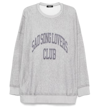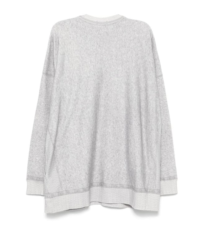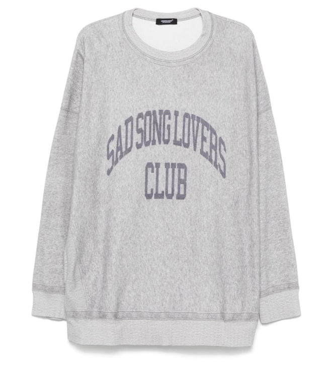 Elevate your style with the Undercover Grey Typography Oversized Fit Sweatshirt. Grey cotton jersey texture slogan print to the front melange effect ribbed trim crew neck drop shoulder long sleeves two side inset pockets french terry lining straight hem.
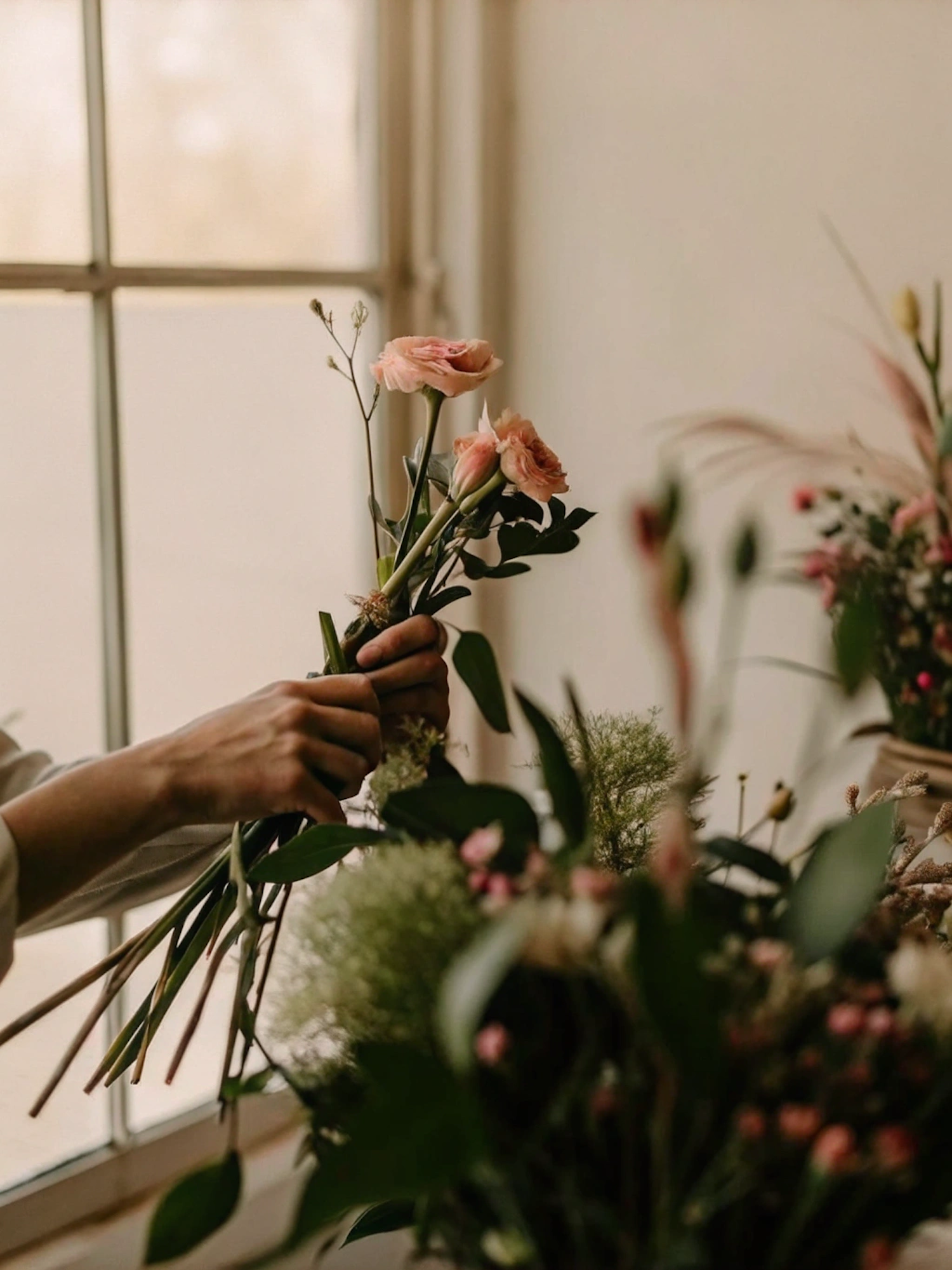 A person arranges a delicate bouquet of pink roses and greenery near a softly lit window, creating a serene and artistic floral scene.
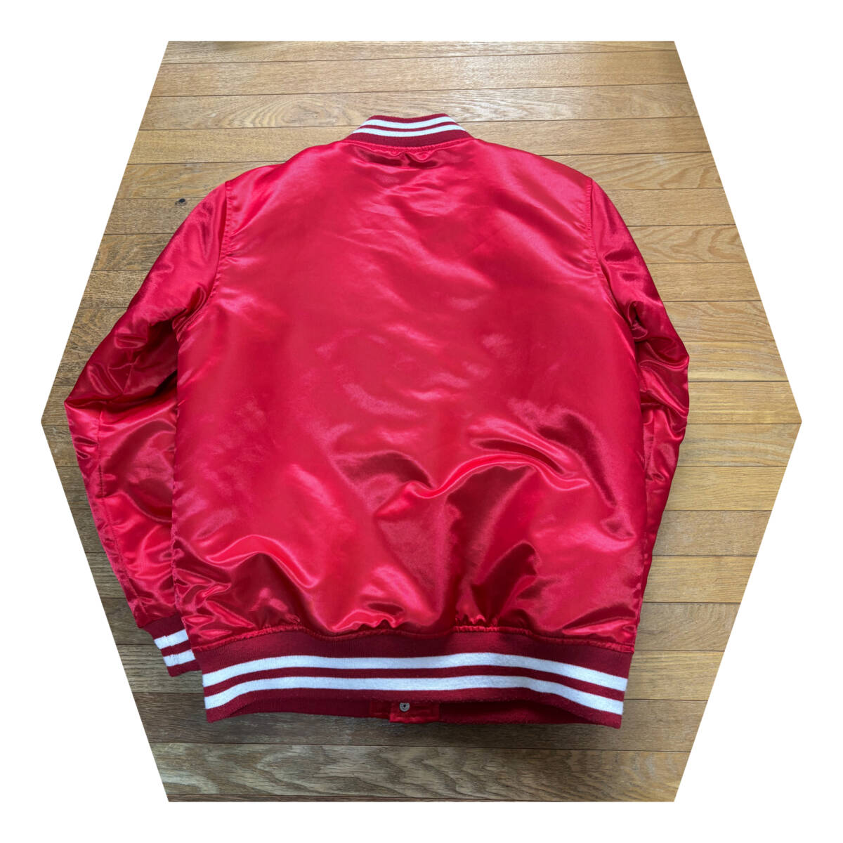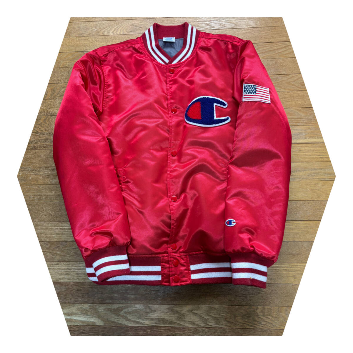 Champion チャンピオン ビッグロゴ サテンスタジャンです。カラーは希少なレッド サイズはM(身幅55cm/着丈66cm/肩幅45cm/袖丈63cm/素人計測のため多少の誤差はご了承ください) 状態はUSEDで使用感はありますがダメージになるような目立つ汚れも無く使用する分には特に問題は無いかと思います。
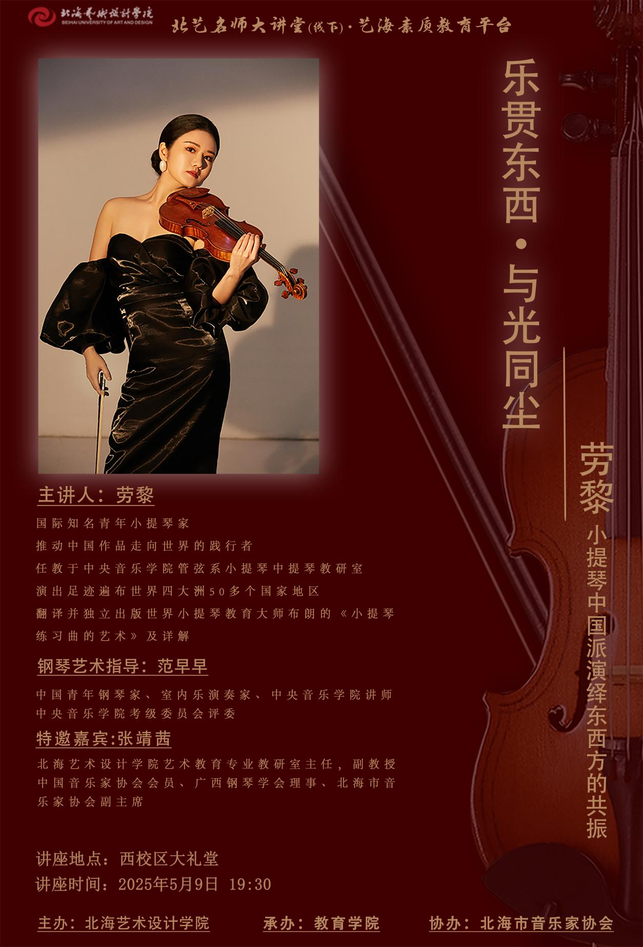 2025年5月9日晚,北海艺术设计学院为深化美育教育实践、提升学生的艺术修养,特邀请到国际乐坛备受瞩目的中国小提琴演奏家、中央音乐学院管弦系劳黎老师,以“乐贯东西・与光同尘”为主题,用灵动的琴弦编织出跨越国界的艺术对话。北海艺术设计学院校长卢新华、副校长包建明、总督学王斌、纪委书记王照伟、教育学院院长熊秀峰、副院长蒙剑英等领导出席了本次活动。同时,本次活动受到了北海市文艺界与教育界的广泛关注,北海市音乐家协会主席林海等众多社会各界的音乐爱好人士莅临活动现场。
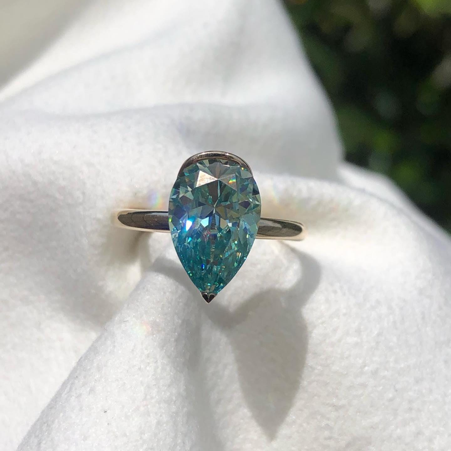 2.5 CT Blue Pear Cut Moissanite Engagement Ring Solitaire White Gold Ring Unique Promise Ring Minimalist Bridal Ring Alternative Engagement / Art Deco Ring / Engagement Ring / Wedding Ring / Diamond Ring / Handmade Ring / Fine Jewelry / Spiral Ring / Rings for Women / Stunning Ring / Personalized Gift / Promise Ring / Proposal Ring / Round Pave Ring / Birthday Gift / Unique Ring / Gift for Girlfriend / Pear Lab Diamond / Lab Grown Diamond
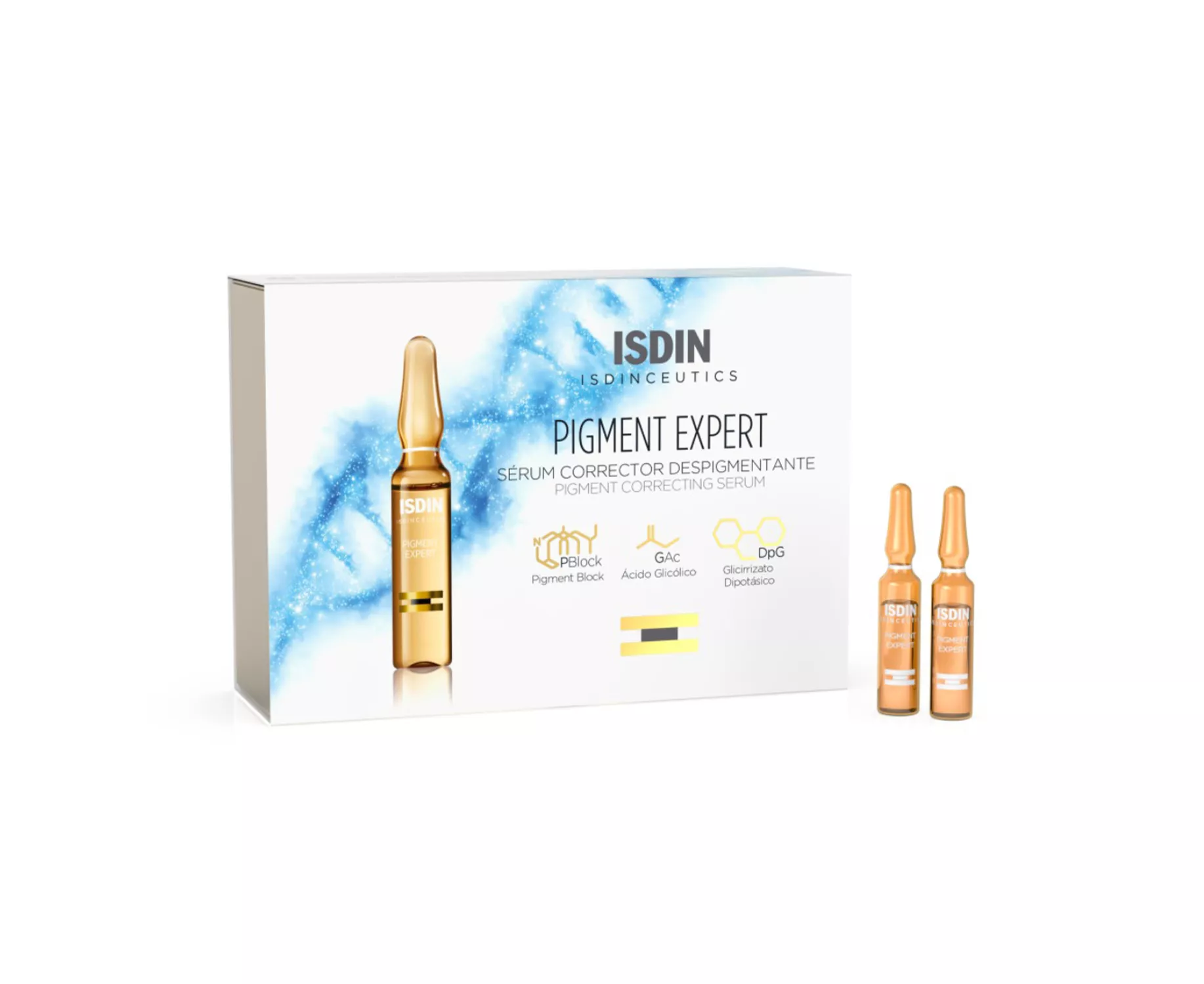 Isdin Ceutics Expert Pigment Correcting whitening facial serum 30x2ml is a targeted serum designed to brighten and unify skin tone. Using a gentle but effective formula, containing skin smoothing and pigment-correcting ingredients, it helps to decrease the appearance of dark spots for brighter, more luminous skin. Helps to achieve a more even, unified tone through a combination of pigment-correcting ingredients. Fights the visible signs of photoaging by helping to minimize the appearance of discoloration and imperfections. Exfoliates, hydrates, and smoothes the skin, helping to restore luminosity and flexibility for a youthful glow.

What you need to do:
What do the entries above read from the line containing "Champion チャンピオン ビッグロゴ" through the line containing "2025年5月9日晚,北海艺"? Output those lines exactly, both ends included, with the pictures left out.

Solution:
 Champion チャンピオン ビッグロゴ サテンスタジャンです。カラーは希少なレッド サイズはM(身幅55cm/着丈66cm/肩幅45cm/袖丈63cm/素人計測のため多少の誤差はご了承ください) 状態はUSEDで使用感はありますがダメージになるような目立つ汚れも無く使用する分には特に問題は無いかと思います。
 2025年5月9日晚,北海艺术设计学院为深化美育教育实践、提升学生的艺术修养,特邀请到国际乐坛备受瞩目的中国小提琴演奏家、中央音乐学院管弦系劳黎老师,以“乐贯东西・与光同尘”为主题,用灵动的琴弦编织出跨越国界的艺术对话。北海艺术设计学院校长卢新华、副校长包建明、总督学王斌、纪委书记王照伟、教育学院院长熊秀峰、副院长蒙剑英等领导出席了本次活动。同时,本次活动受到了北海市文艺界与教育界的广泛关注,北海市音乐家协会主席林海等众多社会各界的音乐爱好人士莅临活动现场。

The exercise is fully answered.